Each line starting at the one that contains "Aiyis Reloj de" and ending at the one that contains "Arany-Zichy Album. Arany" must be returned exactly, and the rest of the listing is left out.

▸ **SOURCE MATERIAL**
⁂
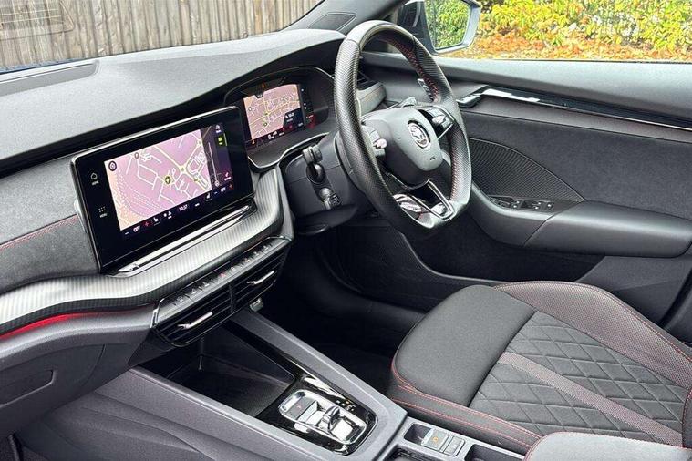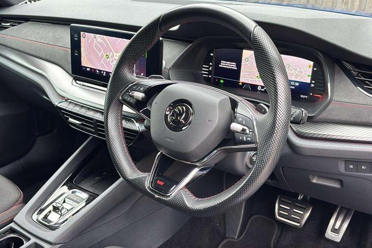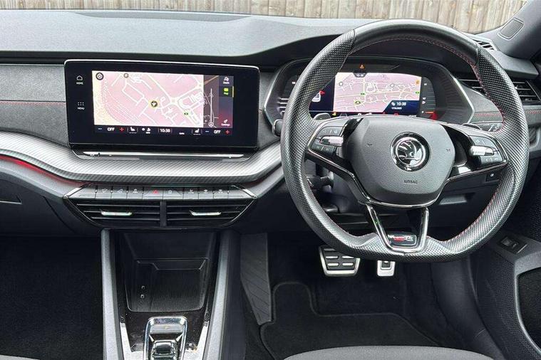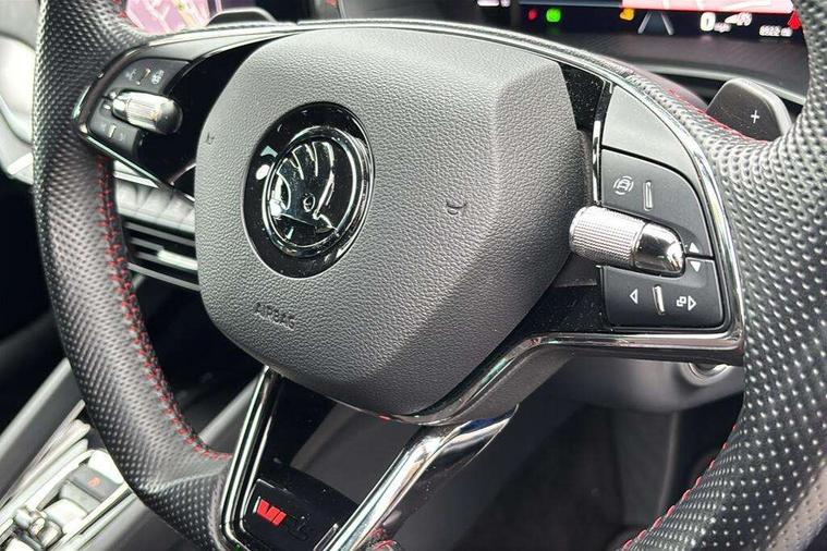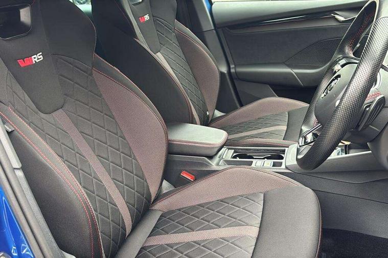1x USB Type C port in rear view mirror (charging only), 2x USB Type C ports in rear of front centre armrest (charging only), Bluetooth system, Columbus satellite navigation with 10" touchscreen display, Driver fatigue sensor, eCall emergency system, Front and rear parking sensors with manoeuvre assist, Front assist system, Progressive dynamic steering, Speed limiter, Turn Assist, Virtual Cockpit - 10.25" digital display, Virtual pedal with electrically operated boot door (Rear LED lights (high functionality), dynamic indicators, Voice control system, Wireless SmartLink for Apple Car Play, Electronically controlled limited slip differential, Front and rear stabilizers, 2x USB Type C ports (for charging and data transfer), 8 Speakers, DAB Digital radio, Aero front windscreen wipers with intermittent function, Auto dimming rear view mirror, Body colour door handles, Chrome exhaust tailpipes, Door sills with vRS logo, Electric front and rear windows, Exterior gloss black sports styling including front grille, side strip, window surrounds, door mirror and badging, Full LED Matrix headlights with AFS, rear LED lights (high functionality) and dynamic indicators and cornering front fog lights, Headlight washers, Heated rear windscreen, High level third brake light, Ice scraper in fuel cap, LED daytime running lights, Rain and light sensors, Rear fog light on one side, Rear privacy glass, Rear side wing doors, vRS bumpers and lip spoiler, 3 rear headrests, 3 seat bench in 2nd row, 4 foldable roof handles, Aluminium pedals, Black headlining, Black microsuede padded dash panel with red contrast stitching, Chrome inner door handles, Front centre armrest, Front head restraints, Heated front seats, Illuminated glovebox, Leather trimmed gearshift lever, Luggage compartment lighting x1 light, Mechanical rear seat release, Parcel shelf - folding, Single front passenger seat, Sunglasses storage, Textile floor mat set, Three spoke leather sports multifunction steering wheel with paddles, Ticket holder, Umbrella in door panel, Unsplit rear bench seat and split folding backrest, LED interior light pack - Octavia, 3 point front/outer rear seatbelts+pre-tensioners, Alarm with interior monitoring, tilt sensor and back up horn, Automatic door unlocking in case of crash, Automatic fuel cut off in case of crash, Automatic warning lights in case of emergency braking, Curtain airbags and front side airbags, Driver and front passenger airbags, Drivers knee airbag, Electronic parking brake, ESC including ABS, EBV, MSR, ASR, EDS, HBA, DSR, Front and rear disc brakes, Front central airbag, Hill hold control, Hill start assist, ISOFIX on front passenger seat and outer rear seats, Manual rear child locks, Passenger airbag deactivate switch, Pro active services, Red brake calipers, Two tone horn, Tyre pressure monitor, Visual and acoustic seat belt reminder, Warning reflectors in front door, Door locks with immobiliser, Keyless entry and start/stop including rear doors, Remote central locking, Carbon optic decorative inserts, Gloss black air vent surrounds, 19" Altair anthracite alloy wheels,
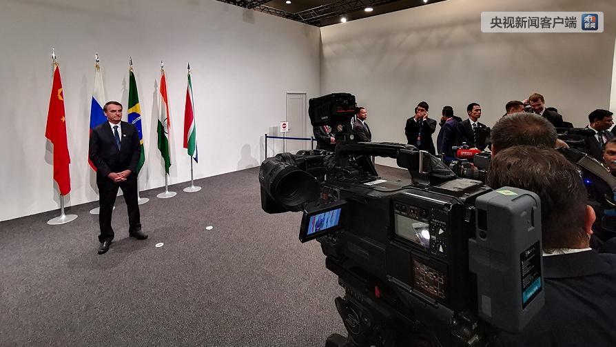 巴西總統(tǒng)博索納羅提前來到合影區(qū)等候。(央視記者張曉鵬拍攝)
⁂
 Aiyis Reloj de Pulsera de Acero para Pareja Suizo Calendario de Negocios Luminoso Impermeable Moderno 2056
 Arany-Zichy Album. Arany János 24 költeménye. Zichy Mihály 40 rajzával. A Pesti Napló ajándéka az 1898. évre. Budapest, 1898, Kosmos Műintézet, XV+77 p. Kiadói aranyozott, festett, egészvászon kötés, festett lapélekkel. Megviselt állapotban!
⁂
▸ **ANSWER FOR THIS EXERCISE**
 Aiyis Reloj de Pulsera de Acero para Pareja Suizo Calendario de Negocios Luminoso Impermeable Moderno 2056
 Arany-Zichy Album. Arany János 24 költeménye. Zichy Mihály 40 rajzával. A Pesti Napló ajándéka az 1898. évre. Budapest, 1898, Kosmos Műintézet, XV+77 p. Kiadói aranyozott, festett, egészvászon kötés, festett lapélekkel. Megviselt állapotban!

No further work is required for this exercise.